- Aim of the task: Please output exactly the lines below, starting at the line that has "Echange de documents entre les deux parties" and ending at the line that has "Die Zutaten für", both included; leave out all pictures and include nothing else.

- Information supplied:

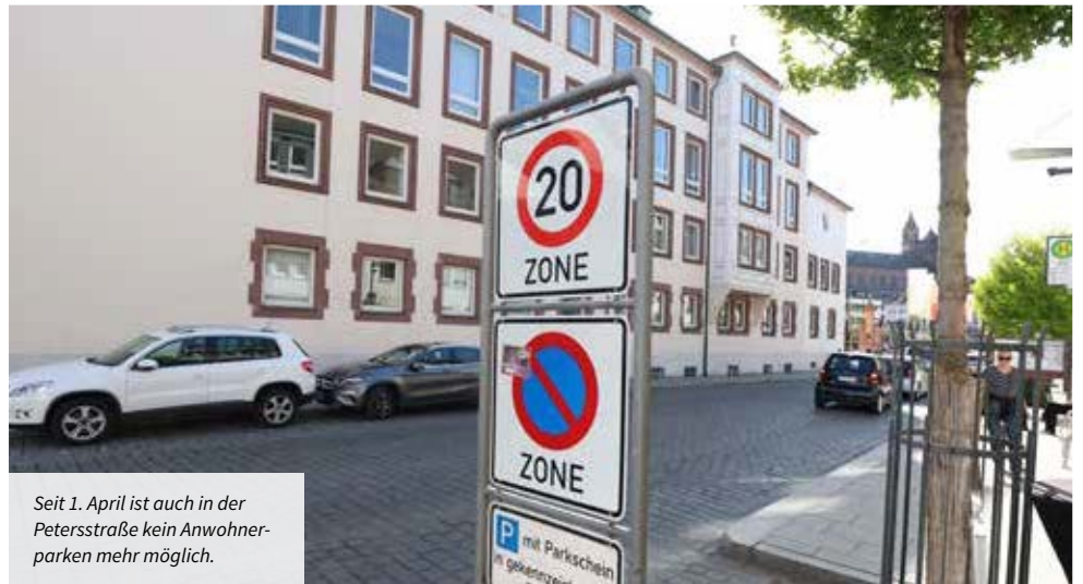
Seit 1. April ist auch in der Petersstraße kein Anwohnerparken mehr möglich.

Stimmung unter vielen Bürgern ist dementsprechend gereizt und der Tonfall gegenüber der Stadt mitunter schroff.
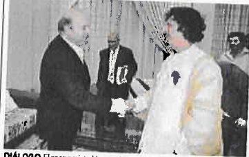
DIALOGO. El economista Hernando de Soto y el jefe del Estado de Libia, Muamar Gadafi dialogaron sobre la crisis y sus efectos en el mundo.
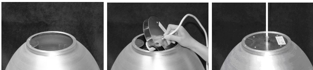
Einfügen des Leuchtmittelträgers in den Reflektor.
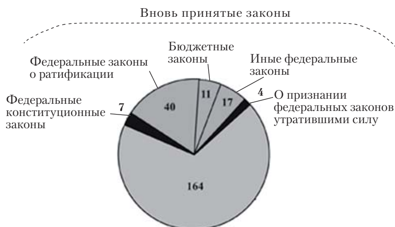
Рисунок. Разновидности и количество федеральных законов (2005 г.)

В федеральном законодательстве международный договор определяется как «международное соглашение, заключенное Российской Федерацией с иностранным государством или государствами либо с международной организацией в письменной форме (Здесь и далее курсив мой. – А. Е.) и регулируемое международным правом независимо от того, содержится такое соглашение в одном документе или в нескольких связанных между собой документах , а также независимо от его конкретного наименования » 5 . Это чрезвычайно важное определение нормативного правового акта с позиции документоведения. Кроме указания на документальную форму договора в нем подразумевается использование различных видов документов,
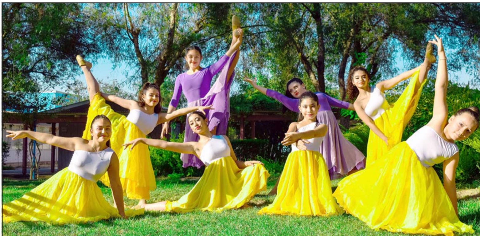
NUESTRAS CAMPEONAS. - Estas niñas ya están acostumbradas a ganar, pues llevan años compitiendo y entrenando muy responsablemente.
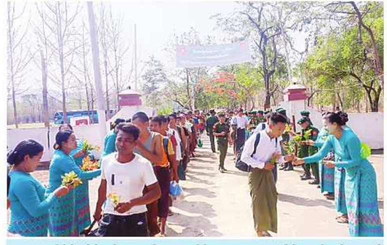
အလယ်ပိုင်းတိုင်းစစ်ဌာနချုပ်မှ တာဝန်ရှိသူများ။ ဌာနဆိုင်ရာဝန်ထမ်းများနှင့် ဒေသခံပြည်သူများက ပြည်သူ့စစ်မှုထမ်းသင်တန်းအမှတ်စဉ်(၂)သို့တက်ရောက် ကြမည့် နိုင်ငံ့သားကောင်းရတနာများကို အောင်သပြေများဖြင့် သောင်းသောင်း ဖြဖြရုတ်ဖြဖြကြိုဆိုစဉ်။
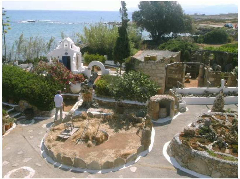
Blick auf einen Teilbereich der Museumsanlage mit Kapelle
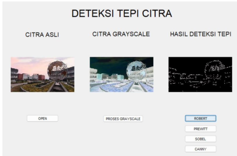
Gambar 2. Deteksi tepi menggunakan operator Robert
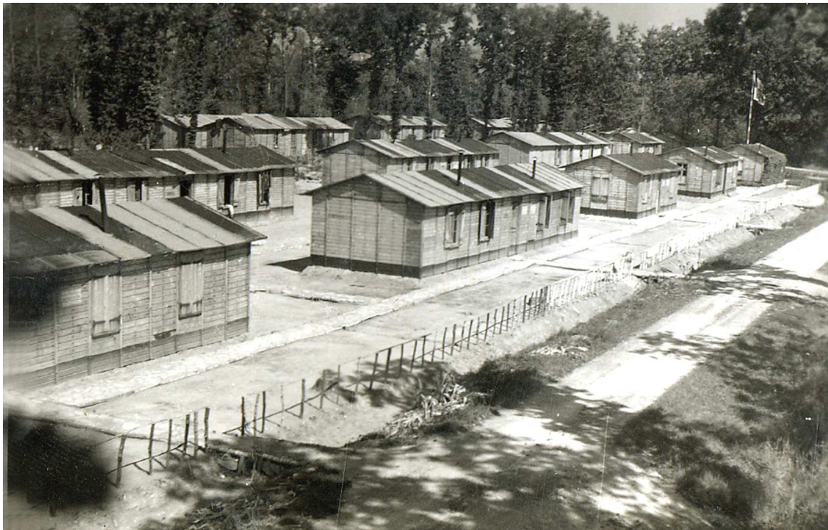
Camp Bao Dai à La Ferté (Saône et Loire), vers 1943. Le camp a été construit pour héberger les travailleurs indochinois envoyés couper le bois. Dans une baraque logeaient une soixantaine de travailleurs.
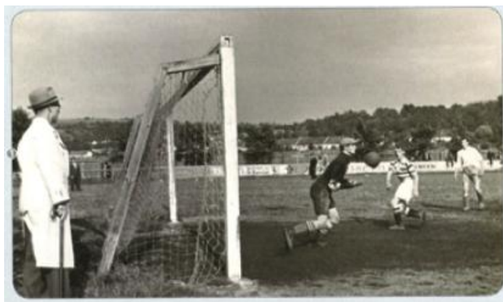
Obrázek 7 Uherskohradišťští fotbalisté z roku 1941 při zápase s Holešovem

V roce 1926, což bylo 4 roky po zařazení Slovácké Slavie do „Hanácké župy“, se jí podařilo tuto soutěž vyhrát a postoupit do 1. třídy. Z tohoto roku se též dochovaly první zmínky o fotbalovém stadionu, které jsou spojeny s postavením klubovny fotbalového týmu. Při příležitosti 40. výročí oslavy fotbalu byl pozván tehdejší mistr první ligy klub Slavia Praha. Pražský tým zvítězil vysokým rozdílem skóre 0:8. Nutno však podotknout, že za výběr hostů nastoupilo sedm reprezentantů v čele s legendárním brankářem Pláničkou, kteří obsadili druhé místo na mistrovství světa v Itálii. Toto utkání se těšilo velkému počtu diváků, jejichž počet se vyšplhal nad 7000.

...

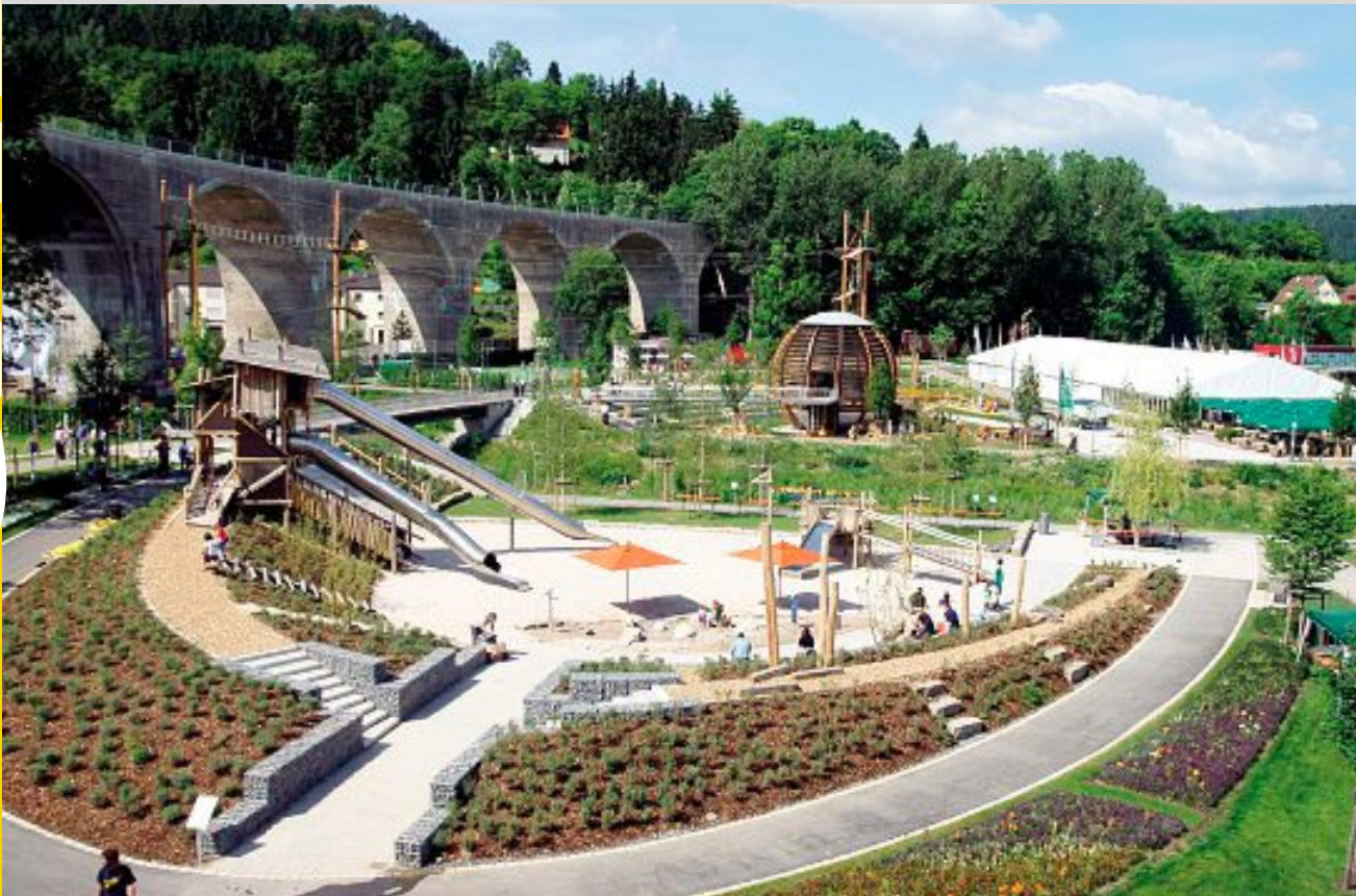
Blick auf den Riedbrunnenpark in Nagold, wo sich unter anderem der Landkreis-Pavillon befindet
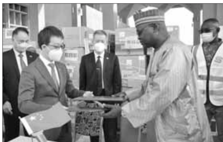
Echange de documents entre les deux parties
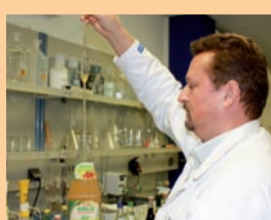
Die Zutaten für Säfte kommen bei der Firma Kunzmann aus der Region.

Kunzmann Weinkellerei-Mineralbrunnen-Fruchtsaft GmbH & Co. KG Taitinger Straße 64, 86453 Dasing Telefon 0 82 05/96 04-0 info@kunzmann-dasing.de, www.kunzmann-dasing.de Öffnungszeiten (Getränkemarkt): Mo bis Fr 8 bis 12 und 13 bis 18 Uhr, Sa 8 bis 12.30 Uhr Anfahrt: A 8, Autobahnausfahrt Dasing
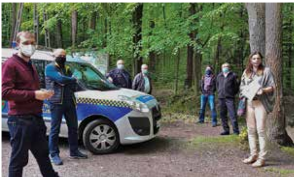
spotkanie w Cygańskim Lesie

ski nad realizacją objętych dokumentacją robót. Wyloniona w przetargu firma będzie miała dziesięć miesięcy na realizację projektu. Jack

* * *

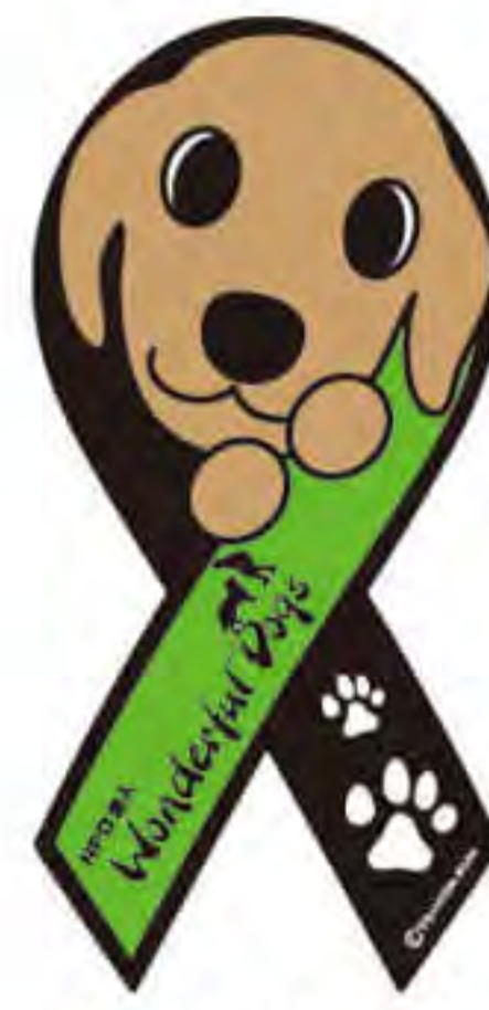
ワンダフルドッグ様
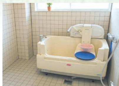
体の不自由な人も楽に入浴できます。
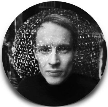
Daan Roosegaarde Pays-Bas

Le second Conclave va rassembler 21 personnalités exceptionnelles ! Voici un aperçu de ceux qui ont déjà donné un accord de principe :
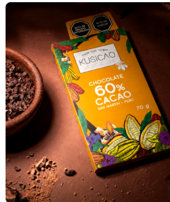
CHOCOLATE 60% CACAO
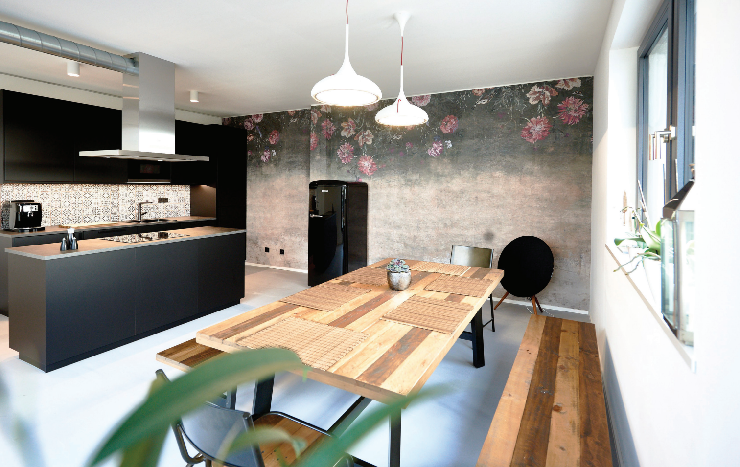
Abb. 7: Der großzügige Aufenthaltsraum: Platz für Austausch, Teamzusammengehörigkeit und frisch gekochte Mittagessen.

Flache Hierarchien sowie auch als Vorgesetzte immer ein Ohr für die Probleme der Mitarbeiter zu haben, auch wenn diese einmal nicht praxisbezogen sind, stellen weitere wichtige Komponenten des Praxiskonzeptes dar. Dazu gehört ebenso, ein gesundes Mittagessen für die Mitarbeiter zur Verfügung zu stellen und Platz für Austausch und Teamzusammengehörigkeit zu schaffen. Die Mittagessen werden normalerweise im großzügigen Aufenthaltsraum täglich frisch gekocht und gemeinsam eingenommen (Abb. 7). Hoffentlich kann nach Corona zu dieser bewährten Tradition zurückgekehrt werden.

- Solution to the exercise:
Echange de documents entre les deux parties
Die Zutaten für Säfte kommen bei der Firma Kunzmann aus der Region.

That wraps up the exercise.